Dans sa première partie diffusée l’année dernière, cette dernière saison interrogeait la mémoire à court terme car certains des personnages étaient en pleine réflexion sur ce qu’ils venaient de traverser. Le personnage de Suzanne (la passionaria de la résistance locale, Ndlr) qui, après avoir traversé une période dépressive, revient à un principe de réalité et repart dans la vie de façon peut-être moins accidentelle que les autres personnages. Je pense à Hortense (Audrey Fleurot, l’aventureuse bourgeoise, Ndlr) qui, elle, commence à sombrer dans la folie, à Lucienne (Marie Kremer, l’institutrice qui a fait un enfant avec un soldat allemand, Ndlr) qui donne l’impression qu’elle n’arrivera jamais à sortir d’une espèce de rapport fantasmé à l’homme qu’elle a aimé et connu très peu de temps finalement. Ces 6 épisodes vont accompagner les personnages vers leur sortie, c’est une sorte d’épilogue sur plusieurs périodes : 1945, 1953, les années 1970 et les années 2000. Il y a donc des personnages qu’on retrouve vieilli. Ce qui n’est pas le cas du personnage de Suzanne qui est juste évoqué dans la partie « années 70 » puisqu’on pressentait qu’elle s’engagerait dans un combat militant et féministe. On parle d’elle aux côtés de Simone Veil lors du combat pour l’avortement mais on garde l’image d’elle en 1945.
Qu’est-ce qui vous aura le plus marqué dans cette expérience, dans ce personnage ?
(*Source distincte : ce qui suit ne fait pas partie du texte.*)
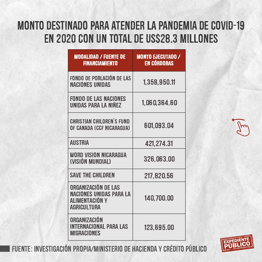 Expediente Abierto constató que, al mes de septiembre de 2021 cuando la pandemia alcanzaba un pico alto en el número de contagios en Nicaragua, que fue incluso confirmado por la Organización Panamericana de la Salud (OPS), el régimen solamente había gastado US$29 millones de los millonarios fondos disponibles, pero se desconoce en qué fueron utilizados.

Ce qui est étonnant dans ces périodes où les enjeux sont extrêmes, puisqu’il est question de vie ou de mort, c’est que cela offre la possibilité à des personnages, et notamment les femmes, de se débarrasser de tout un poids social. Les événements sont de profonds révélateurs. Les femmes étaient encore, au milieu du XXème siècle, extrêmement bridées par rapport aux libertés auxquelles elles pouvaient prétendre. Il y en qui, à la faveur de ces circonstances, vont écouter leurs pulsions, se révéler à elles-mêmes sans être prédestinées. Hortense, femme de médecin, va s’ouvrir à d’autres vies, elle se découvre une âme d’Emma Bovary et elle va porter tantôt son dévolu sur Marchetti (le policier pas très clair incarné par Nicolas Gob, Ndlr) et s’épanouit avec l’absolue autorité et figure du mal qu’est Heinrich (l’officier allemand interprété par Richard Sammel, Ndlr). Suzanne, elle, s’engage dans la résistance, vit dans la clandestinité en s’affranchissant de mari et enfant. Tout cela n’aurait pas été envisageable dans une période pacifique. Ce qui est génial parce que ça donne la part belle à des émotions et des sentiments qui ne sont pas forcément explorés même dans des fictions contemporaines.
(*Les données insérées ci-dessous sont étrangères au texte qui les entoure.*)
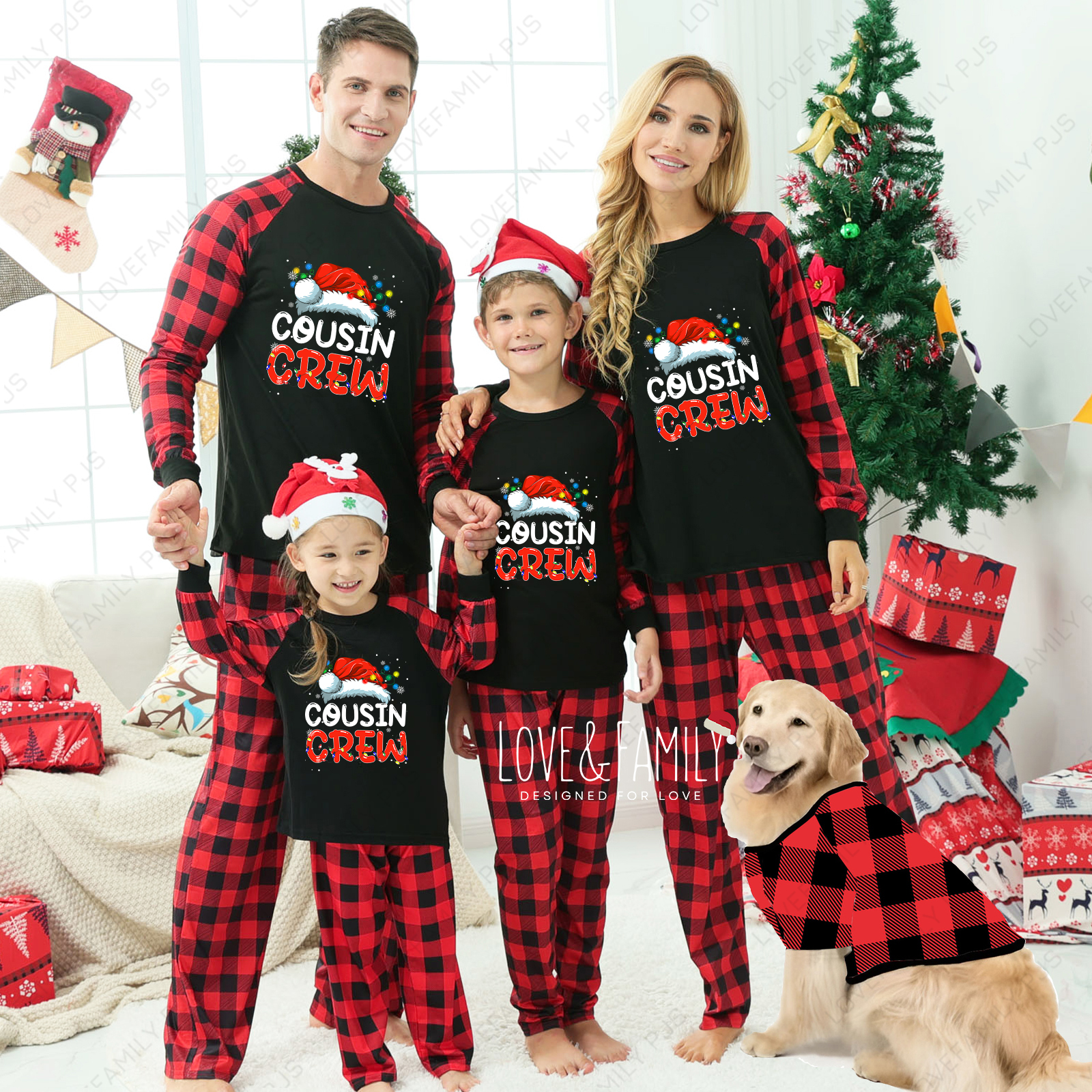 Consin Crew Christmas Hat Red Plaids Family Matching Pajamas Set

Quel est l’impact d’une telle série en termes de carrière ?
C’est difficile de le mesurer, ce que je vois c’est qu’on me parle quotidiennement du Village français et même à l’étranger ! La série est extrêmement populaire, les gens sont très attachés à ces personnages. Je crois que cela parle aussi énormément de l’ADN des Français qui y retrouvent des histoires familiales. Pour les uns ou les autres, c’est un label, on est très identifiés à travers cette série-là et cela a contribué à ce que nos carrières s’épanouissent mais en même temps on a tous plus ou moins entre 30 et 40 ans et c’est aussi à cette période que les choses se font. Mais cela a certainement été un facteur important.
Comment tourne-t-on une page comme celle-ci ?
Je m’en suis sortie par une pirouette puisque j’avais proposé à la production depuis plusieurs années de faire un documentaire sur le tournage de la série et que j’ai fini par obtenir que France 3 le produise avec Tetra et Terego. J’ai donc réalisé, avec Emmanuel Breton, un documentaire de 52 minutes sur la série qui sera diffusé après le dernier épisode. Cela a été ma façon de dire « au revoir » à cette expérience. Je viens de tourner la deuxième saison de Baron noir pour Canal+ et un long métrage produit par Netflix avec Anna Mouglalis, Michel Fau et Niels Schneider (La Femme la plus assassinée du monde, Ndlr). Je travaille depuis plusieurs années à la Fémis pour accompagner les élèves en écriture de série et cela correspond un peu à ma formation originale plus universitaire puisque j’ai une maîtrise de philo. Je serais très heureuse de passer un jour du côté de la production. J’avais réalisé un court métrage il y a quelques années avec Céline Sallette (Femme de personne, 2010, Ndlr) et je me vois bien écrire et réaliser un long métrage ! Je navigue et je ne m’interdis rien.